[Records excerpted from a collection]
──────

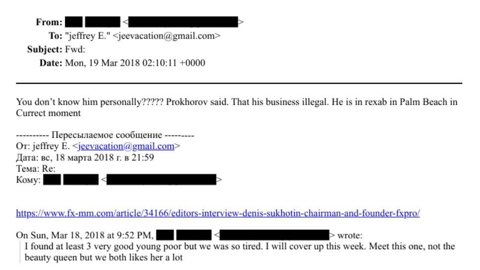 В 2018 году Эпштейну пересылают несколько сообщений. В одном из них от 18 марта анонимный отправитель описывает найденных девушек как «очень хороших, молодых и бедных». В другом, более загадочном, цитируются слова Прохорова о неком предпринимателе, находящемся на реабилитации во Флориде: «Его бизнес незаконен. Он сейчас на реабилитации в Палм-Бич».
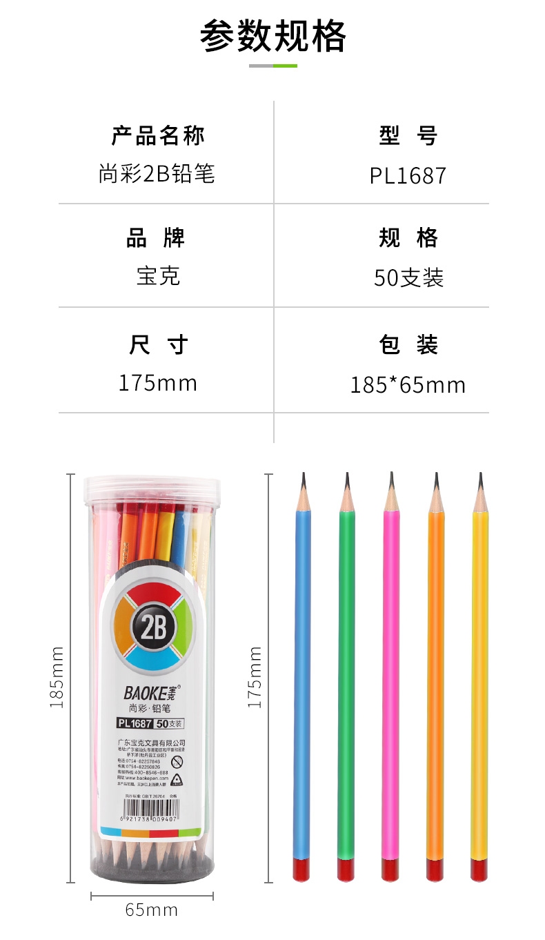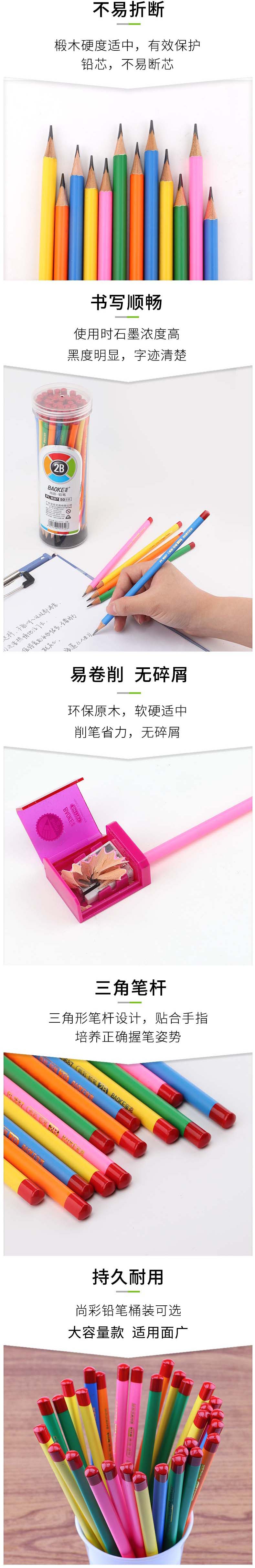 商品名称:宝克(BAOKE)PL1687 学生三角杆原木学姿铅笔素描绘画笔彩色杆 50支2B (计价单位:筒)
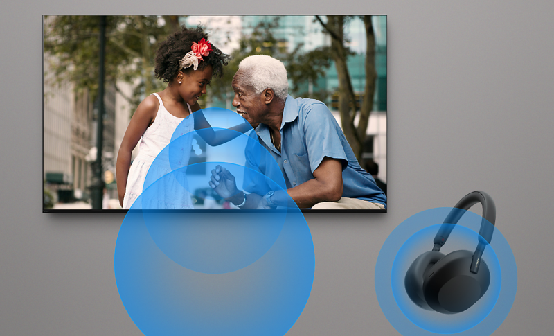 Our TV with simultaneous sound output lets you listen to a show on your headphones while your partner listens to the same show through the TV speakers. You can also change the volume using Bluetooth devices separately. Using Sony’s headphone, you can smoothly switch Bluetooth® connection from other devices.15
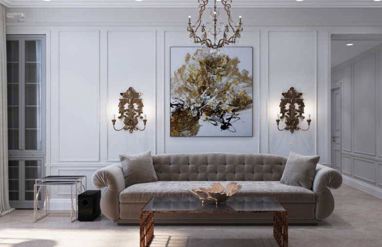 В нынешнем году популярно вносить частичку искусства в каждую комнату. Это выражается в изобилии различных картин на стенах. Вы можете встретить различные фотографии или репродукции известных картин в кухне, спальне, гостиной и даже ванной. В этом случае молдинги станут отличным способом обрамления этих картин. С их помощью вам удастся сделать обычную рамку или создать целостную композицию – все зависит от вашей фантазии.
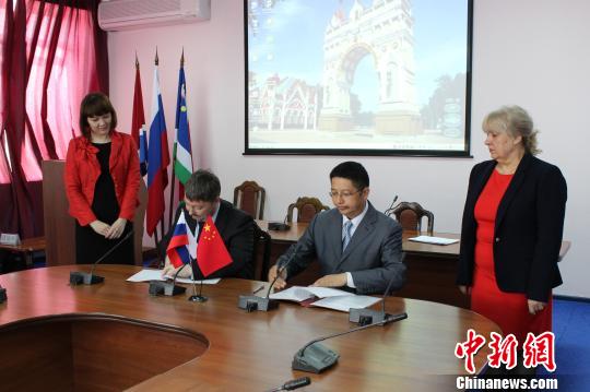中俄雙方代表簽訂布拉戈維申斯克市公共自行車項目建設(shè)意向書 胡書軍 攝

──────

Nothing but the lines from the one containing "Our TV with" through the last line of the records should appear in the copy, exactly as written and without pictures.

 Our TV with simultaneous sound output lets you listen to a show on your headphones while your partner listens to the same show through the TV speakers. You can also change the volume using Bluetooth devices separately. Using Sony’s headphone, you can smoothly switch Bluetooth® connection from other devices.15
 В нынешнем году популярно вносить частичку искусства в каждую комнату. Это выражается в изобилии различных картин на стенах. Вы можете встретить различные фотографии или репродукции известных картин в кухне, спальне, гостиной и даже ванной. В этом случае молдинги станут отличным способом обрамления этих картин. С их помощью вам удастся сделать обычную рамку или создать целостную композицию – все зависит от вашей фантазии.
中俄雙方代表簽訂布拉戈維申斯克市公共自行車項目建設(shè)意向書 胡書軍 攝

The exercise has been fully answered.